# Task 1: Instructions

Print out the raw data in the Git log file to show the available format.

- Print out the content of the sample file `git_log_excerpt.csv`.

## Good to know

This Project requires that you know your way around Python and Pandas. We recommend that you have complete these DataCamp courses before doing this project:

- [Intermediate Python for Data Science](https://www.datacamp.com/courses/intermediate-python-for-data-science).
- [Data Manipulation with pandas](https://www.datacamp.com/courses/data-manipulation-with-pandas).
- [Manipulating Time Series Data in Python](https://www.datacamp.com/courses/manipulating-time-series-data-in-python).

# Task 2: Instructions

Read in the Linux Git log file with Pandas.

- Load in the `pandas` module as `pd`.
- Read in the log file `git_log.gz`. Name the 1st column "`timestamp`" and the 2nd column "`author`".
- Assign the resulting DataFrame to `git_log`.
- Print out the first five rows of `git_log`.
- The `pandas` method `read_csv` can read a CSV file compressed in a `gz` file. You will have to specify the `sep`, `encoding`, `header`, and `names` arguments to `read_csv`.

# Task 3: Instructions

Gather some basic metrics about Linux's Git repository.

- Count the number of commits in `git_log`.
- Count the number of all contributing authors. Leave out the entries that don't have an author at all.

Here, use some basic functions of Python, Pandas' `DataFrame` and `Series` to count values and to remove missing data.

# Task 4: Instructions

List the ten authors that made the most commits.

- Count how often each author occurs in `git_log`, pick out the top ten authors, and assign the result to `top_10_authors`.

In this task, the result that is stored in `top_10_authors` has to be a `Series` or a `DataFrame` that includes the authors and the number of commits that each author has made.

# Task 5: Instructions

Transform the numbers in timestamp to time series-based data type.

- Convert the `timestamp` column to a Pandas' `Timestamp` type.
- Look at a summary of the converted `timestamp` column to check if the conversion was successful and if the boundary values make sense.

Here is the [official Pandas documentation for how to convert these type of time stamps](http://pandas-docs.github.io/pandas-docs-travis/timeseries.html#epoch-timestamps) (called _epoch_ time stamps) to `Timestamp`. Be sure to set the right `unit` of time (in our case: seconds) to the date conversion method.
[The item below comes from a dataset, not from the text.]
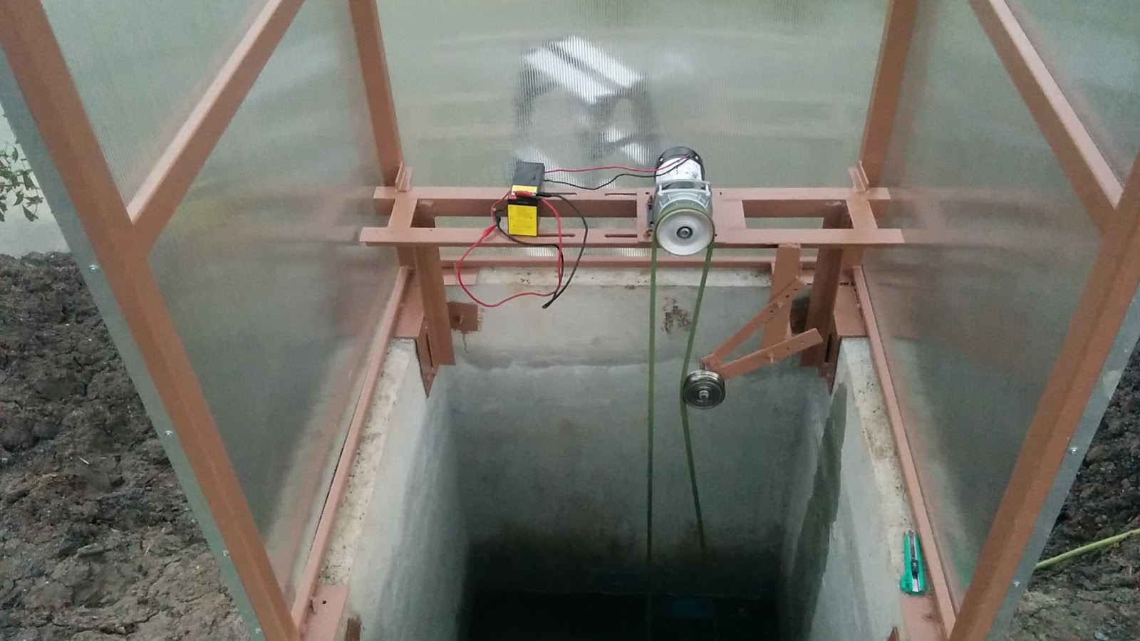 The motor we chose to use is a 24V DC geared motor. We’ve attached it to a welded metal platform on top of the cement cistern, and then are using a basic rubber vee belt to drive the pulley connected to the impeller that sits inside the water.

To summarize the resulting `Timestamp` column you could use the `describe()` method.

# Task 6: Instructions

Determine a right time period and keep only those commits within this time period.

- Pick a reasonable _first_ timestamp and assign it to `first_commit_timestamp`.
- Pick a reasonable _last_ timestamp for this dataset from late 2017 and assign it to `last_commit_timestamp`.
- Create a new `DataFrame` called `corrected_log`.
- Use `describe()` on `corrected_log['timestamp']` to check the data.
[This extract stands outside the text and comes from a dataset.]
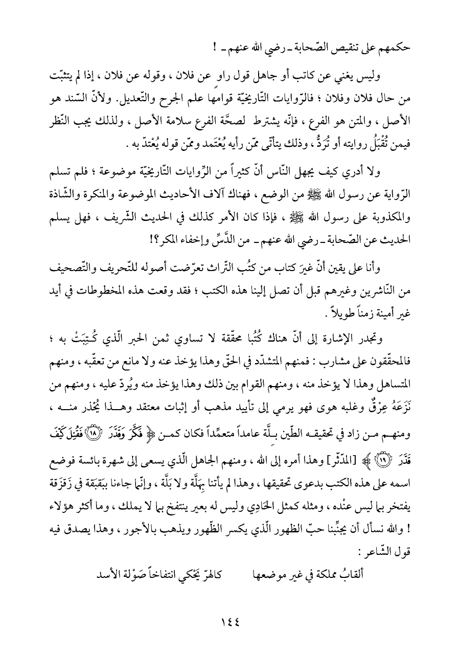 وتجدر الإشارة إلى أنّ هناك كُتُبا محقّقة لا تساوي ثمن الحبر الّذي كُتِبَتْ به؛ فالمحقّقون على مشارب: فمنهم المتشدّد في الحقّ وهذا يؤخذ عنه ولا مانع من تعقّبه، ومنهم المتساهل وهذا لا يؤخذ منه، ومنهم القوام بين ذلك وهذا يؤخذ منه ويُردّ عليه، ومنهم من نَزَعَهُ عِرْقٌ وغلبه هوى فهو يرمي إلى تأييد مذهب أو إثبات معتقد وهذا يُحْذر منه، ومنهم من زاد في تحقيقه الطّين بِلَّة عامداً متعمِّداً فكان كمن {فَكَّرَ وَقَدَّرَ (١٨) فَقُتِلَ كَيْفَ قَدَّرَ (١٩)} [المدّثّر] وهذا أمره إلى الله، ومنهم الجاهل الّذي يسعى إلى شهرة بائسة فوضع اسمه على هذه الكتب بدعوى تحقيقها، وهذا لم يأتنا بِهَلَّة ولا بَلَّة، وإنّما جاءنا ببَقبَقة في زَقزَقة يفتخر بما ليس عنْده، ومثله كمثل الحَادِي وليس له بعير ينتفخ بما لا يملك، وما أكثر هؤلاء! والله نسأل أن يجنِّبنا حبّ الظهور الّذي يكسر الظّهور ويذهب بالأجور، وهذا يصدق فيه قول الشّاعر:

A possible valid time period:

- The _first_ reasonable entry is the first commit from Linus Torvalds.
- Every commit before the year 2018 would be a reasonable _last_ timestamp.

# Task 7: Instructions

Count the number of commits of the `corrected_log` for each year:

- Create a new `DataFrame` called `commits_per_year` that sums up all commits annually, starting at January 1st.
- Show the first five rows of the `DataFrame`.

There are many ways to accomplish this with Pandas. Use the `groupby` method with the utility function `Grouper` to group by year:

```
my_data_frame.groupby(pd.Grouper(key='my_timestamp_column',
                                 freq='AS'))
```

Here, `freq='AS'` makes `groupby` group by year using the 1st of January as starting day.

# Task 8: Instructions

Visualize the yearly counts using a suitable plot.
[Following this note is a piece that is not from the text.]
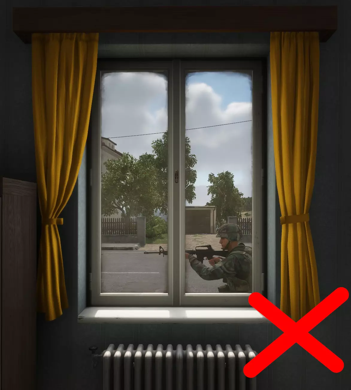 — 穿越窗户时 窗户是明显的危险区域,最常见的错误是在一楼窗户处将头部和胸部暴露给敌人。在可能的情况下,尽量靠近建筑物边缘并保持低姿可以减小你的轮廓。你可以通过蹲下轻松做到这一点,这样即使是蹲跑时,通常也能处于窗户水平线以下。

- Plot `commits_per_year` using the `pandas` `plot` method.
- Add a suitable `title`.
- Turn the `legend` off.

The `plot` method in `pandas` takes many options that allow you to customize your plot. Here is the [official documentation for `plot` for Series](https://pandas.pydata.org/pandas-docs/stable/generated/pandas.Series.plot.html). That documentation contains a lot of info, but the arguments you might want to add here are `kind`, `title`, and `legend`.

# Task 9: Instructions

Thanks for doing the project! As a last task:

- Set `year_with_most_commits` to the year with the most commits to Linux (as of autumn 2017).

## Further Reading

If you are more interested in mining software repositories, take a look at the following books:

- Adam Tornhill: Software X-Ray. Pragmatic Programmers, 2018.
- Christian Bird, Tim Menzies, Thomas Zimmermann: The Art and Science of Analyzing Software Data. Morgan Kaufmann, 2015.
- Tim Menzies, Laurie Williams, Thomas Zimmermann: Perspectives on Data Science for Software Engineering. Morgan Kaufmann, 2016.